Publicly available numerical data for LLM

This repository contains some publicly available numerical data used to train OpenAI's large language models. These data have been processed into OpenAI's data pipeline format. Additionally, we provide a Python script for converting raw tabular data into a format suitable for training.

Data Sources

These data come from the following publicly available sources:

Data Format

Data is stored as JSON files, each JSON file includes an array named data. Each element in the array is a dictionary with two keys:

input: The input text used to train the model.
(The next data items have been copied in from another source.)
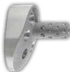
10° superior augmentierte Glenoidplatte

Anspruchsvolle Glenoidsituationen verlangen nach Implantatlösungen, die sich dem spezifischen Defekt widmen. Das Equinox Schulterssystem bietet Ihnen diese Lösungen mit den entsprechenden Glenoidimplantaten für Primär- und Reverseversorgungen.
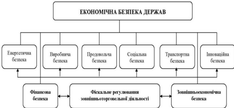
Рис. 3. Місце фіскального регулювання зовнішньоторговельної діяльності у системі ЕКБ держави

Крім неї в це багатоаспектне поняття входять геополітична, військова, інформаційна, екологічна та демографічна безпека. Своєю чергою, ЕКБ відображає причинно-наслідкові зв'язки між економічною могутністю країни, її військово-економічним потенціалом та національною безпекою і має власну структуру. На рисунку 3 відображено авторське бачення місця фіскального регулювання ЗТД у структурі ЕКБ держави.
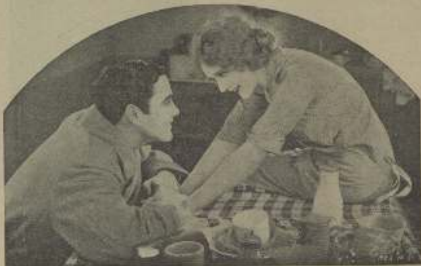
MARY PICKFORD se aprestaba hablando de amor en "La pequeña vendadora"
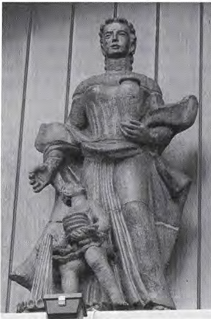
Een van de beelden gemaakt van chamotteklei die de ambachten van Gouda uitbeelden

De beelden zijn gemaakt van gebakken chamotteklei, opgebouwd uit verschillende delen en gevuld met cement. De elf beelden zijn uitgevoerd en in 1948 geleverd door Goedewaagen's pijpen- en aardewerkfabriek. Goedewaagen maakte wel vaker bouwceramiek en beelden. Zo is het
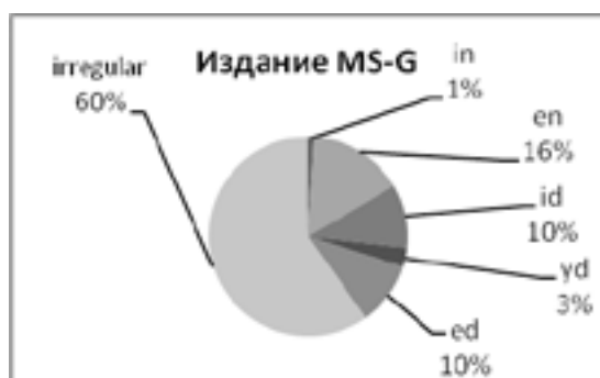
Рис. 4. Виды морфов в издании MS-G

Несмотря на множество вариаций форм в издании G, согласно статистическим данным можно сказать, что издания MS-F и MS-G очень похожи по наличию идентичных по форме окончаний, которые немного совпадают по количественной характеристике: MS-F: -en (6%), -id (2%), -yd(e) (5%), -ed (16%) и сильные глаголы с чередованием в корне (71%). и MS-G: in – 5 (1%), -en – 46 (15%), -id – 32 (10%), -yd – 9 (3%), -ed – 31 (10%), сильные глаголы с чередованием в корне – 180
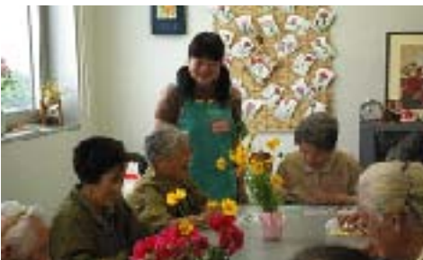
デイサービスで利用者とふれあう

訪問介護員に同行していただくだけでなく、訪問入浴車に同乗させていただいたり、在宅介護支援センター職員に同行して訪問介護を行ったり、介護予防・生きがい対策事業に参加させていただくなど、充実した内容となっています。質の高い生活支援のできる介護福祉士を目指し、様々な居宅サービスを体験し、多くのことを学び取ることが目的の一つです。学生は、利用者一人一人に、それぞれ異なったニーズや生活環境があることを理解します。ひとりひとりの利用者にあつた個別ケアを提供するために、介護福祉士としての確かな技術と、人が人にケアを提示するための豊かな人間性を持つことの大切さを肌で感じていきます。
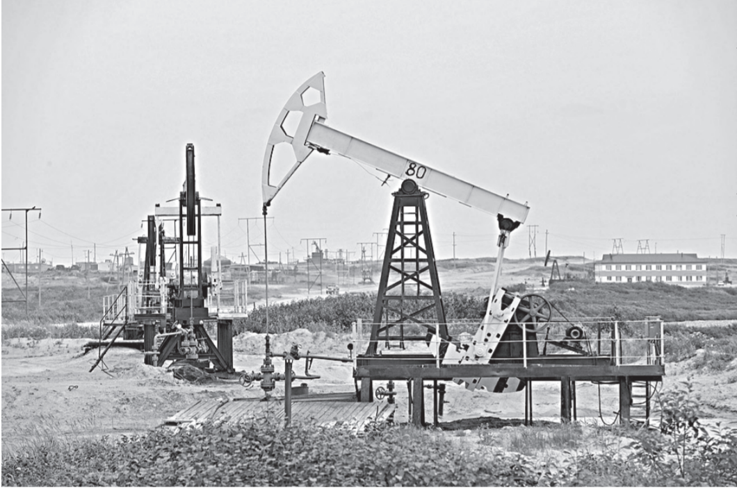
села Охинского «РН-Сахалинморнефтегаз»

Одновременно продолжают работу и на остальных месторождениях. В их числе — и такие сложные, как Катанги и Уйлекуты, где за последнее время построены 8 уникальных горизонтальных скважин. В целом же коллектив предприятия, несмотря на то, что разведанные запасы черного золота на острове эксплуатируются довольно давно и заметно истощились, поставил перед собой задачу: удержать добычу нефти на уровне 1,5 млн. тонн в год. При этом в «РН-Сахалинморнефтегазе» энергично работают и над эффективным использованием сопутствующего нефти газа. По словам С. Дряблова, например, на месторождении Одопту запустили

The input text usually includes a question or description.
output: The expected output of the model. This is usually a short answer or numeric value.

{
    "data": [
        {
            "input": "What was the average price of a gallon of regular gasoline in the United States in 2019?",
            "output": "2.60"
        },
        {
            "input": "What is the distance from Earth to Mars in kilometers?",
            "output": "225,000,000"
        },
        ...
    ]
}

how the data is used

To use this data to train your model, you need to process it into a format suitable for your training framework. We provide a Python script for converting raw tabular data into a format suitable for training. You can refer to this script to know how to process the data and how to modify it according to your needs.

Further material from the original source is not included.